If you like bigger NBA DFS slate, then Tuesday is for you. The DraftKings main slate offers six games, which is a nice upgrade from yesterday’s 4-gamer. The NBA DFS Core Plays were mostly solid yesterday, as Evan Mobley was fine, while Schroder/Huerter smashed. Wemby died and Paul Reed wasn’t good enough, so it wasn’t a perfect slate.
Our Discord was filled with people cashing, though, both from NBA DFS and MLB DFS. If you want free advice, head there now. You can tap into all of our write ups for one low price as well. Today we’ll go over the top NBA DFS picks you need in most of your lineups, as well as some elite GPP pivots and the best game stacking spots. Let’s build!

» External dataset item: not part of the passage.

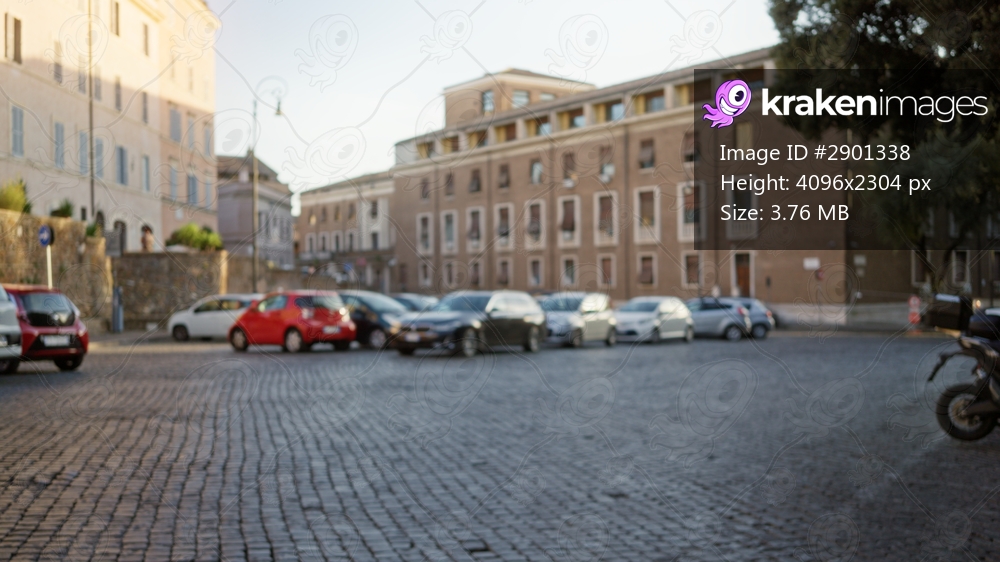 Cobblestone city square defocused background with parked cars and historic facades, soft shallow focus; background backdrop copyspace calm.

- Know what contest you’re entering before you pick a single player. Cash games (50/50s, head-to-head) pay out the top half of the field. Your goal is a safe, reliable lineup. GPP tournaments pay out the top 15-20%, with most of the prize pool at the very top. Your goal there is the ceiling. These two goals require completely different lineups.

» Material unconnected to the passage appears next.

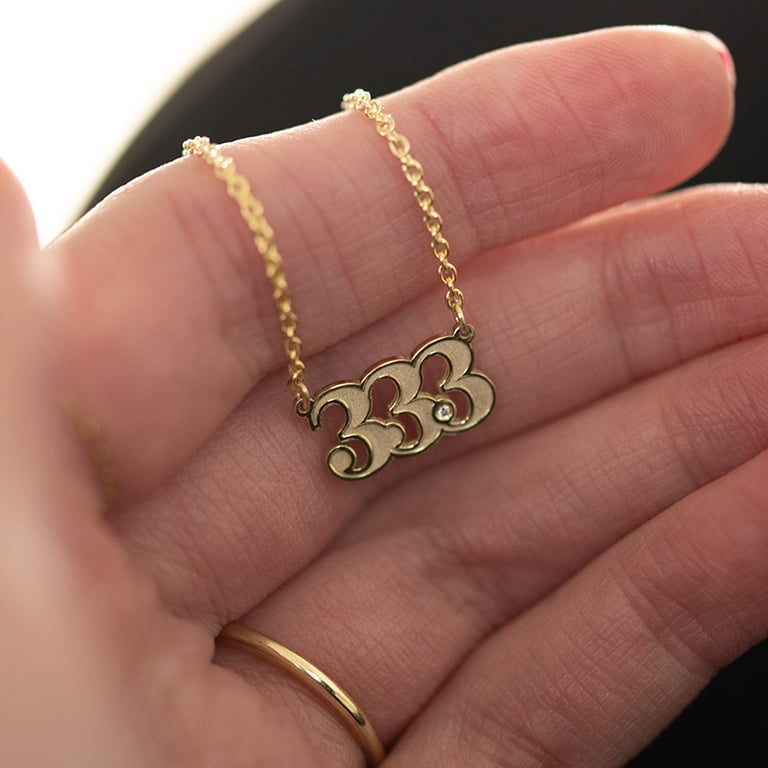 • eine bezaubernde Halskette mit Engelszahlen als Motiv entsprechend Ihrer Wahl

- Shorthanded teams are your best friend. When a team is missing rotation players, the guys left get more minutes, more shots, and more fantasy opportunities than their salaries reflect. That’s the formula. Check every team’s injury report before building — not as an afterthought, but as step one.
- Avoid blowout games unless you’re on the right side. High game totals tell you where the points are — the total is the sportsbook’s projected combined score. Higher total = more points on the floor = more fantasy points available.
- Minutes are the currency of DFS. Always ask: how many minutes is this guy going to play? A player can’t score if he’s on the bench. Before you add anyone to your lineup, ask yourself: is his role clearly defined tonight? Does he have a path to 28+ minutes? Then that guy is probably viable.
- Understand floor vs. ceiling before you decide who to play. Floor is the minimum you can reasonably expect from a player. The ceiling is the maximum upside if everything goes right. In cash games, you want floor guys who almost certainly hit their value. In tournaments, you want ceiling — guys who can go nuclear.
- Ownership can be your edge — use it. In GPPs, the field chases names or super-owned options. We can leverage that by playing comparable plays with lower ownership.
- Don’t pay for a big name if the context is bad. Salary doesn’t equal value. A star in a tough spot is often worse than a role player in a great one.